Legislators also asked explicitly why Louisiana could not build the bridge in a more traditional way. If the state used a more traditional delivery method (such as a design-bid-build, with the state’s transportation department responsible for all aspects of the project), there would be no assurance of on-time delivery or budget adherence.

For example, when the LA DOTD tried to repair the Hale Boggs Memorial Bridge through traditional means, the project suffered from delays and cost overruns. The cable replacement for the bridge took two years longer than anticipated, and the price—paid by taxpayers—rose from $30 million to $50 million.

While a public-private partnership does not eliminate all risks, one key P3 advantage is transferring risk from taxpayers to the private firm. In this case, the private concessionaire, Calcasieu Bridge Partners, would be responsible for covering any cost overruns in the project costs. In a P3, if costs surpass projections, the private firm bears the responsibility instead of Louisiana taxpayers. This protection is critical, especially given a 2003 Danish study that found that 90% of 258 examined transportation megaprojects faced cost overruns.

Additionally, if the company breaches its contract in some way, for example, by failing to keep the bridge open, it would be transferred back to the issuing authority—the Louisiana DOTD. Then, the state could decide whether to contract out to a different firm in a new P3 or retain stewardship for itself.

Following questions from the legislature at an August 2023 hearing, the floor opened to public testimony about the project. One of the speakers lamented the use of P3s for this project, citing the alleged tendency for bankruptcies of P3s concessionaires and concerns over what would happen to the bridge in such a situation. 

As my Reason Foundation colleague Bob Poole wrote in Oct. 2019, when the original company contracted for the Indiana Toll Road P3 went bankrupt, taxpayers did not have to pay one additional dime for the project. Likewise, in the case of a default, tolls were not raised to compensate for P3 toll road bankruptcies in two cases in Texas and San Diego. 

Another concern repeatedly raised by Louisiana Motor Trucking Association members was that a toll would constitute a double tax. But that’s a moot point; federal and state grants contribute only 38% (or $800 million) to this project. In effect, the bridge is funded by gas tax revenue and tolls. The bridge couldn’t be fully funded using existing tax revenue alone. 

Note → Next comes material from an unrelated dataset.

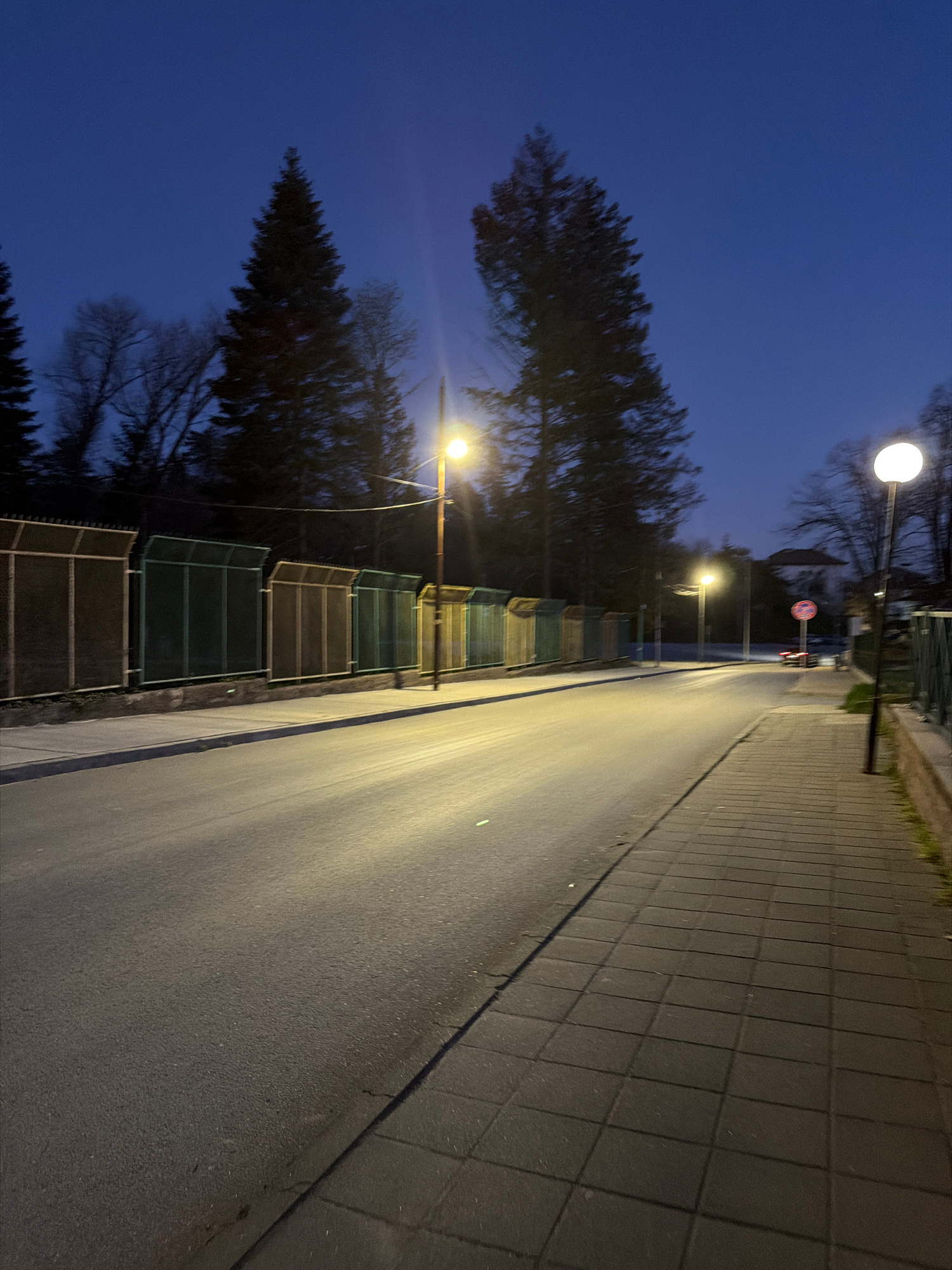 The image depicts an outdoor scene at night in Panagyurishte, Bulgaria. The foreground shows a paved road and a sidewalk made of rectangular tiles. Streetlights illuminate the road, casting a strong l…read more

Still, the LA Department of Transportation heard these concerns and proposed a piece of sample legislation to ensure the toll isn’t onerous for trucking companies based in the local area. The sample bill says the owner of a commercial vehicle registered in Louisiana paying over $3,000 a year in toll costs, which was used as an example number and is subject to change, would be given a dollar-for-dollar business expense deduction for federal and state taxes. The proposal shows the LA DOTD wants to ensure it does not burden local trucking companies. 

Overall, the proposed public-private partnership to replace the Calcasieu Bridge demonstrates a responsible and fiscally sound approach to addressing critical infrastructure needs in the state. The Louisiana transportation department has drawn on best practices from around the country in both the longevity of the contract and practices during the procurement phase to ensure competition between interested firms. Likewise, the LA DOTD is wisely choosing to lean on private sector expertise and financing to get the money the state needs for the bridge now rather than in the next decade while safeguarding the interests of Louisiana taxpayers.

*Correction: The date of the Aug. 22 hearing was originally reported as Aug. 25.